> **Information shown**:
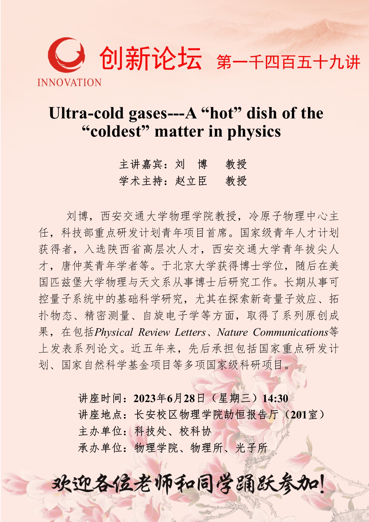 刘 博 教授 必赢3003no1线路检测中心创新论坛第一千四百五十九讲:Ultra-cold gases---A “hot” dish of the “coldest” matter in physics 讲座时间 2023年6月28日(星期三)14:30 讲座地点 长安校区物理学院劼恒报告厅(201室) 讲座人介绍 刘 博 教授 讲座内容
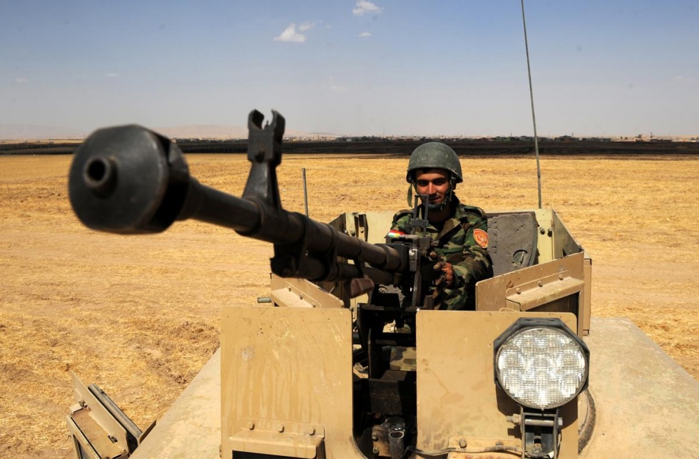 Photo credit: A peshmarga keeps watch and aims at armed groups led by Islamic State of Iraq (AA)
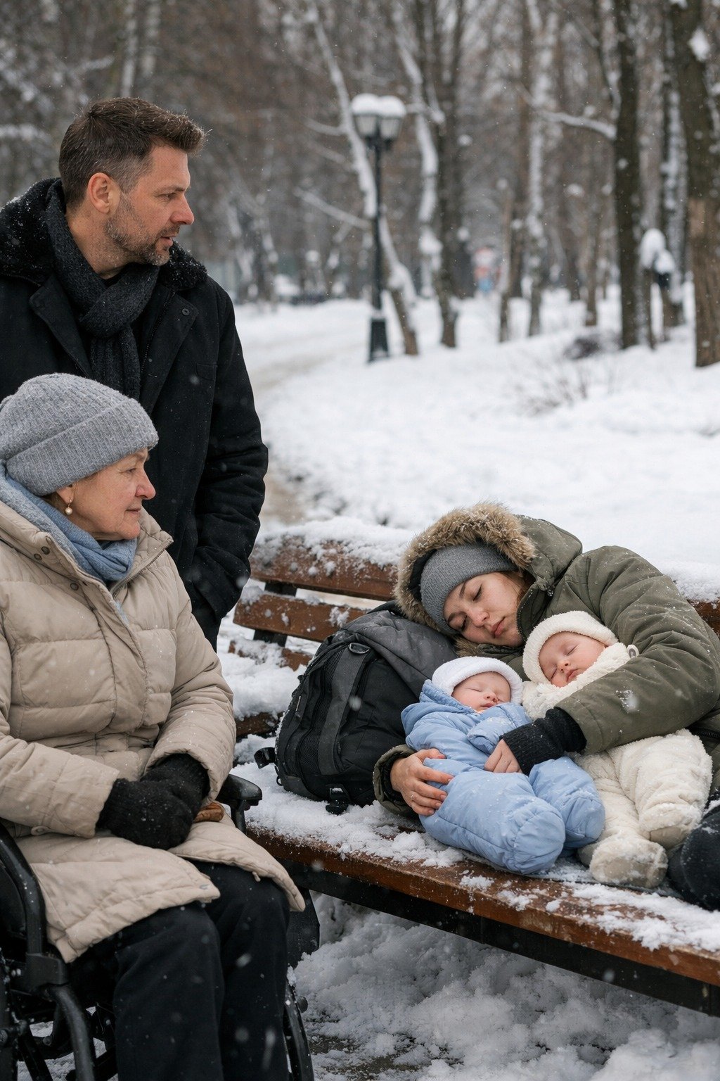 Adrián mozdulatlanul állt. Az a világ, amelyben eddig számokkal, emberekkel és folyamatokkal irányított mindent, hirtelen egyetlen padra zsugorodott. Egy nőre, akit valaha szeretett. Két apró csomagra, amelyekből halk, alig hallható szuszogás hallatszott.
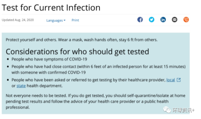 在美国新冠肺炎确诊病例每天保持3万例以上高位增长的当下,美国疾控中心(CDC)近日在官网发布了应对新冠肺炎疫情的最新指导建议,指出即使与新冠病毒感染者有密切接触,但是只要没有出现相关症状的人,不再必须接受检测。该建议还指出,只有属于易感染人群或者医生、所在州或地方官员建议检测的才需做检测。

> **Assignment**:
Reproduce the whole listing word for word, setting aside any pictures.

> **Task response**:
 刘 博 教授 必赢3003no1线路检测中心创新论坛第一千四百五十九讲:Ultra-cold gases---A “hot” dish of the “coldest” matter in physics 讲座时间 2023年6月28日(星期三)14:30 讲座地点 长安校区物理学院劼恒报告厅(201室) 讲座人介绍 刘 博 教授 讲座内容
 Photo credit: A peshmarga keeps watch and aims at armed groups led by Islamic State of Iraq (AA)
 Adrián mozdulatlanul állt. Az a világ, amelyben eddig számokkal, emberekkel és folyamatokkal irányított mindent, hirtelen egyetlen padra zsugorodott. Egy nőre, akit valaha szeretett. Két apró csomagra, amelyekből halk, alig hallható szuszogás hallatszott.
 在美国新冠肺炎确诊病例每天保持3万例以上高位增长的当下,美国疾控中心(CDC)近日在官网发布了应对新冠肺炎疫情的最新指导建议,指出即使与新冠病毒感染者有密切接触,但是只要没有出现相关症状的人,不再必须接受检测。该建议还指出,只有属于易感染人群或者医生、所在州或地方官员建议检测的才需做检测。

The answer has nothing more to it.